Christophe Bouillaud : Effectivement, au niveau global, on serait plutôt tenté de constater une absence de corrélation entre le sort des pouvoirs en place et leur gestion, plus ou moins réussie, de l’épidémie de COVID. Finalement, dans aucun pays, même parmi les plus touchés et à la situation économique la plus fragile, comme l’Iran ou la Turquie par exemple, cette épidémie n’a provoqué jusqu’ici un écroulement du pouvoir. Quand cela a eu lieu, comme au Soudan, avec de plus un retour très rapide des forces dictatoriales liées à l’armée soudanaise aux affaires, le lien est loin d’être évident avec l’épidémie de COVID. De fait, la gestion de l’épidémie favorise la prise de mesures extra-médicales visant à contrôler les mouvements des populations, et cela ne déplait sans doute pas aux pouvoirs les plus autoritaires. Et, jusqu’ici, aucun mouvement de protestation, contre l’une ou l’autre mesure liée à la lutte contre l’épidémie ou à ses conséquences sociales ou économiques, n’a vraiment réussi sur cette seule base à renverser un pouvoir autoritaire en place.

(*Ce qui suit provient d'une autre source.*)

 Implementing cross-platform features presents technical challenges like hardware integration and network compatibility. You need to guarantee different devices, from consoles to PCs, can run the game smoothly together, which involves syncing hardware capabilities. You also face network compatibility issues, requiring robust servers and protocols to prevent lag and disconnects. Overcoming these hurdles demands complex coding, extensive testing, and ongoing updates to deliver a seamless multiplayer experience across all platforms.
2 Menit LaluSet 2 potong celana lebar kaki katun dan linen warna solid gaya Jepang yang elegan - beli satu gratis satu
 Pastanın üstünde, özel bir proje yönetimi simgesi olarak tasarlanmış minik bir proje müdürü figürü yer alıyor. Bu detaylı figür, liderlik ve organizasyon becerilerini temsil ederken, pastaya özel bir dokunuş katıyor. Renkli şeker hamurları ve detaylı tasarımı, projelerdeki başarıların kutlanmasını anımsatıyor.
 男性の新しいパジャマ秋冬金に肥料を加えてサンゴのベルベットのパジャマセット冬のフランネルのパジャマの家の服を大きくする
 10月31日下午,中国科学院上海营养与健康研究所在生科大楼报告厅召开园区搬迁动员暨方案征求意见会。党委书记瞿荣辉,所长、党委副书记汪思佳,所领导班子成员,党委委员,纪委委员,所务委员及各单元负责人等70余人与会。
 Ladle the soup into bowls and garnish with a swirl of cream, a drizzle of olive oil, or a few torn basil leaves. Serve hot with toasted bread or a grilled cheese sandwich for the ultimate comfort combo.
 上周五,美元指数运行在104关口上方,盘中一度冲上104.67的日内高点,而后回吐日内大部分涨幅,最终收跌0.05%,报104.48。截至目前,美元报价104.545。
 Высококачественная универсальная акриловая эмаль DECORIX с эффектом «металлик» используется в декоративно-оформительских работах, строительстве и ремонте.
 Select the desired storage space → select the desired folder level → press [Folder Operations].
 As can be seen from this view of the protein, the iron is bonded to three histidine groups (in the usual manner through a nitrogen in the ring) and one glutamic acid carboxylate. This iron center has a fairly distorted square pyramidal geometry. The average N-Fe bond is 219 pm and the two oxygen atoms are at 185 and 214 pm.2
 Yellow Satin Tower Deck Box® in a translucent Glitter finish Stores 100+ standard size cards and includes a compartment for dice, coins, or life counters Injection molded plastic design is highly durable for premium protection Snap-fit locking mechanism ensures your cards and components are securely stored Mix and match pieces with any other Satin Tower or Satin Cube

Inversement, une bonne gestion ne paye pas tant que cela dans les pays démocratiques. Certes, on pourra toujours citer le cas néo-zélandais, où l’excellente gestion de la première phase de la pandémie a permis à la Première Ministre travaillistes de se voir renouveler avec une forte majorité son mandat. Mais est-ce que cette victoire n’aurait pas eu lieu de toute façon ? La récente défaite de la CDU-CSU aux élections allemandes a été complètement séparée de la gestion prudente de l’épidémie par le dernier gouvernement Merkel.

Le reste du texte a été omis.